EXERCISE GOAL> Produce word for word the lines of the data below running from the one that has "Sears, Sportload MALLARD" to the one that has "Modell C – husbil", inclusive, and no others.

··· DATA

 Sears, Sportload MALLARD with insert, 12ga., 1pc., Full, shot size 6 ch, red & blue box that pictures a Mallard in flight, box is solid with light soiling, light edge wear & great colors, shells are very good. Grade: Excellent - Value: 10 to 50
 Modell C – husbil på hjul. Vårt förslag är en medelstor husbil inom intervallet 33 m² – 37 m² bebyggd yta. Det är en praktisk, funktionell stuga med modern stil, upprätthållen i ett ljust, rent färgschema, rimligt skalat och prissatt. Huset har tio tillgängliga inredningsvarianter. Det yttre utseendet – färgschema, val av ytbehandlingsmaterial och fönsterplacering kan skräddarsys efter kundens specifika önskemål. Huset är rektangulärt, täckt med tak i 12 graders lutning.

······
··· DATA

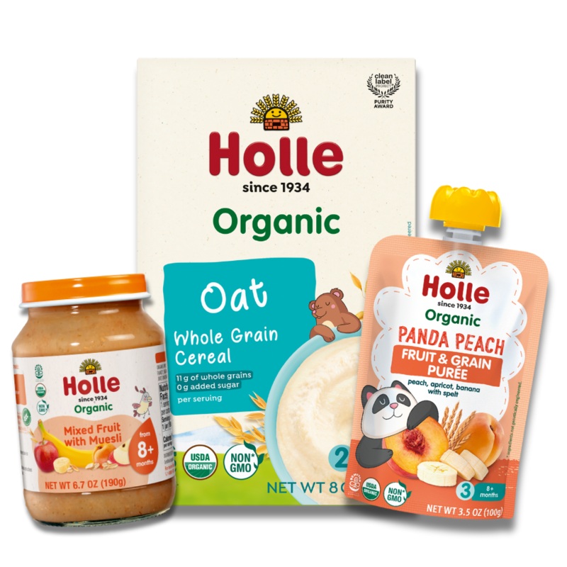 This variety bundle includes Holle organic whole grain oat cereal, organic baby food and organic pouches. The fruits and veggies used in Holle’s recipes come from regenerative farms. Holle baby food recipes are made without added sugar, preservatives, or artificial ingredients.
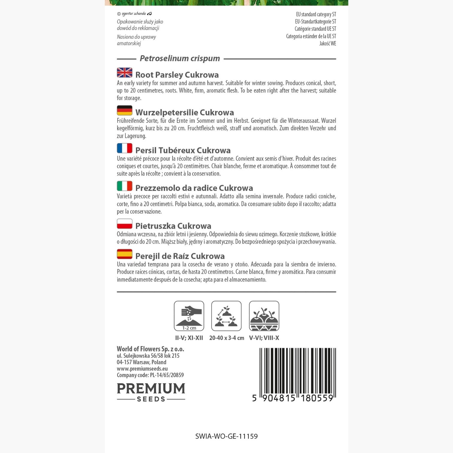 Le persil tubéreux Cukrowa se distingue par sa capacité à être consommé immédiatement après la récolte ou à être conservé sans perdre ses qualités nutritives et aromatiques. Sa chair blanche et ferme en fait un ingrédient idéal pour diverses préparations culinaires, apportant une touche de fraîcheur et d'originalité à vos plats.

······

RESPONSE BELOW>
 Sears, Sportload MALLARD with insert, 12ga., 1pc., Full, shot size 6 ch, red & blue box that pictures a Mallard in flight, box is solid with light soiling, light edge wear & great colors, shells are very good. Grade: Excellent - Value: 10 to 50
 Modell C – husbil på hjul. Vårt förslag är en medelstor husbil inom intervallet 33 m² – 37 m² bebyggd yta. Det är en praktisk, funktionell stuga med modern stil, upprätthållen i ett ljust, rent färgschema, rimligt skalat och prissatt. Huset har tio tillgängliga inredningsvarianter. Det yttre utseendet – färgschema, val av ytbehandlingsmaterial och fönsterplacering kan skräddarsys efter kundens specifika önskemål. Huset är rektangulärt, täckt med tak i 12 graders lutning.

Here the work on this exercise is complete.